## WHAT YOU ARE ASKED TO DO
Line by line, output everything from the one that contains "21 x 14,5 x" through the end of the material below, exactly as written and with no pictures.
Content starts
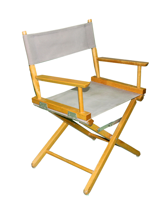 33" tall, light brown, wooden director's chair with taupe, canvas seat and back.
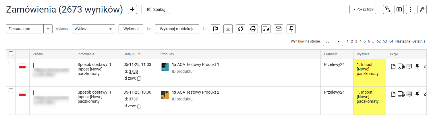Zamówienia oznaczone, jako InPost w sposobie wysyłki mają nazwę:
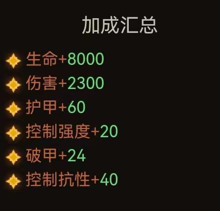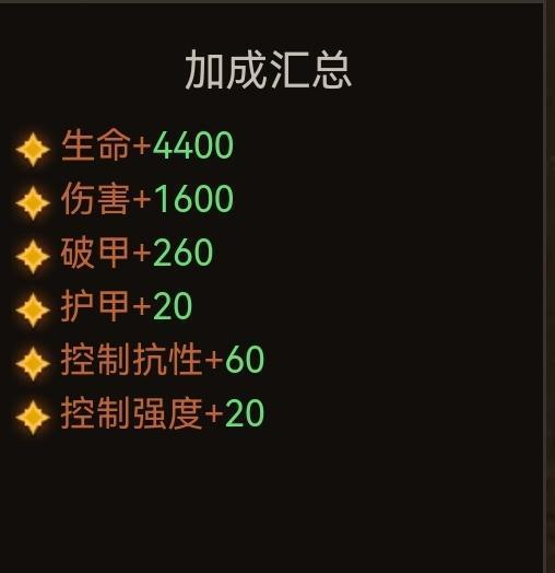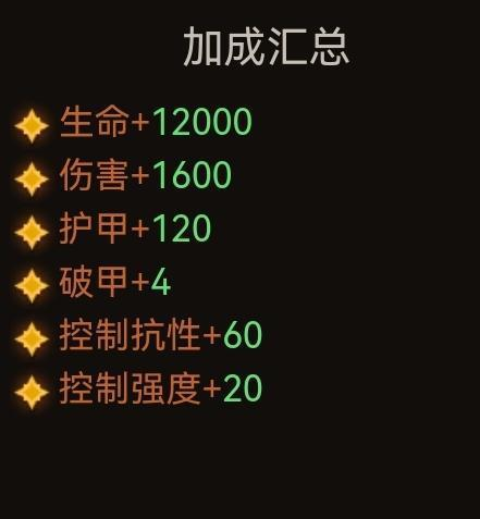 在不败之地中获得500点永久伤害属性,永久20破甲属性,永久4000生命值和40控制抗性,通过秘技获得免控、受控缩减和生机效果。
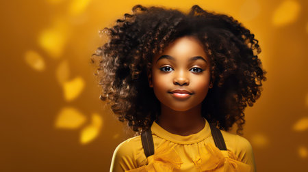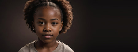 An African American Juvenile Girl, Isolated On A Dark Brown Background With Copy Space. Generative AI
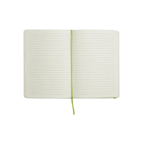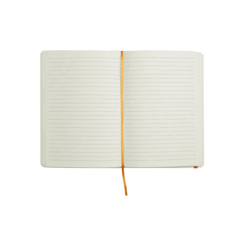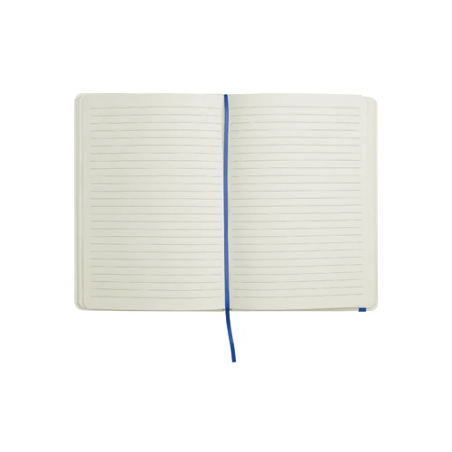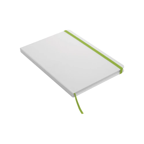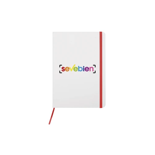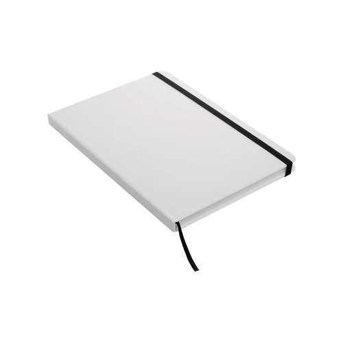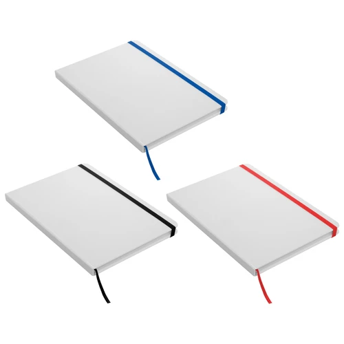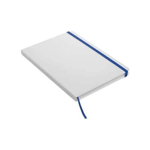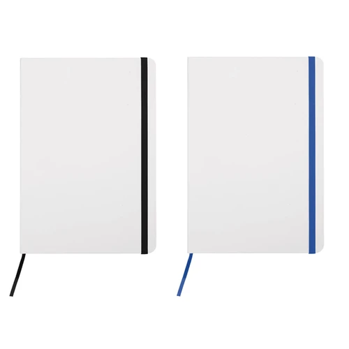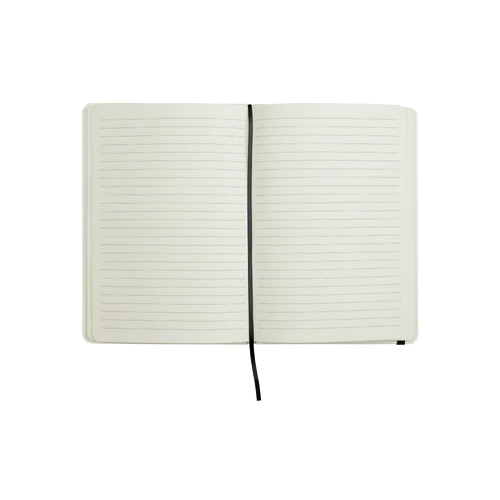 21 x 14,5 x 1 cm. Cartón. Libreta de tapa dura color blanco. Contiene 80 hojas rayadas, señalador y cierra con banda elástica del mismo color.
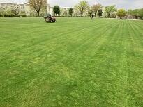 5月の運動会を中止したので、4月から深く芝を刈って冬芝を刈り込み続けています。
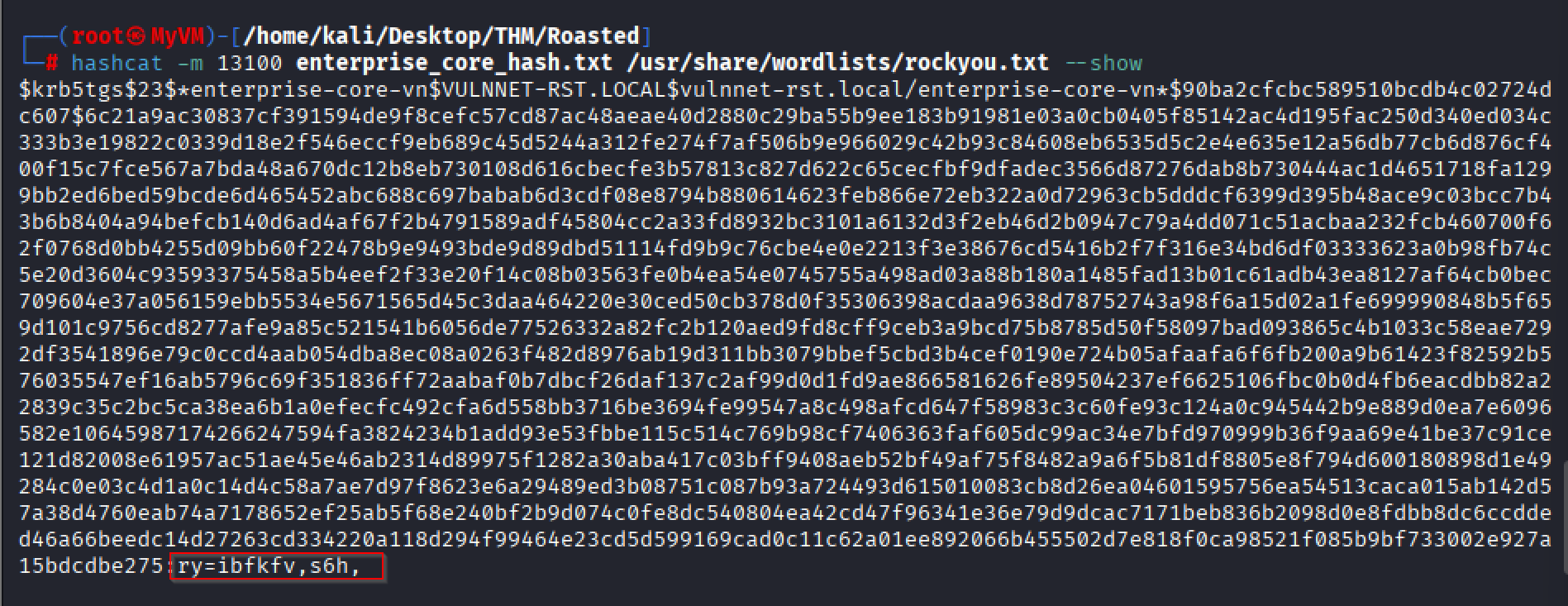 hashcat -m 13100 enterprise_core_hash.txt /usr/share/wordlists/rockyou.txt
Content ends
## YOUR RESPONSE
 21 x 14,5 x 1 cm. Cartón. Libreta de tapa dura color blanco. Contiene 80 hojas rayadas, señalador y cierra con banda elástica del mismo color.
 5月の運動会を中止したので、4月から深く芝を刈って冬芝を刈り込み続けています。
 hashcat -m 13100 enterprise_core_hash.txt /usr/share/wordlists/rockyou.txt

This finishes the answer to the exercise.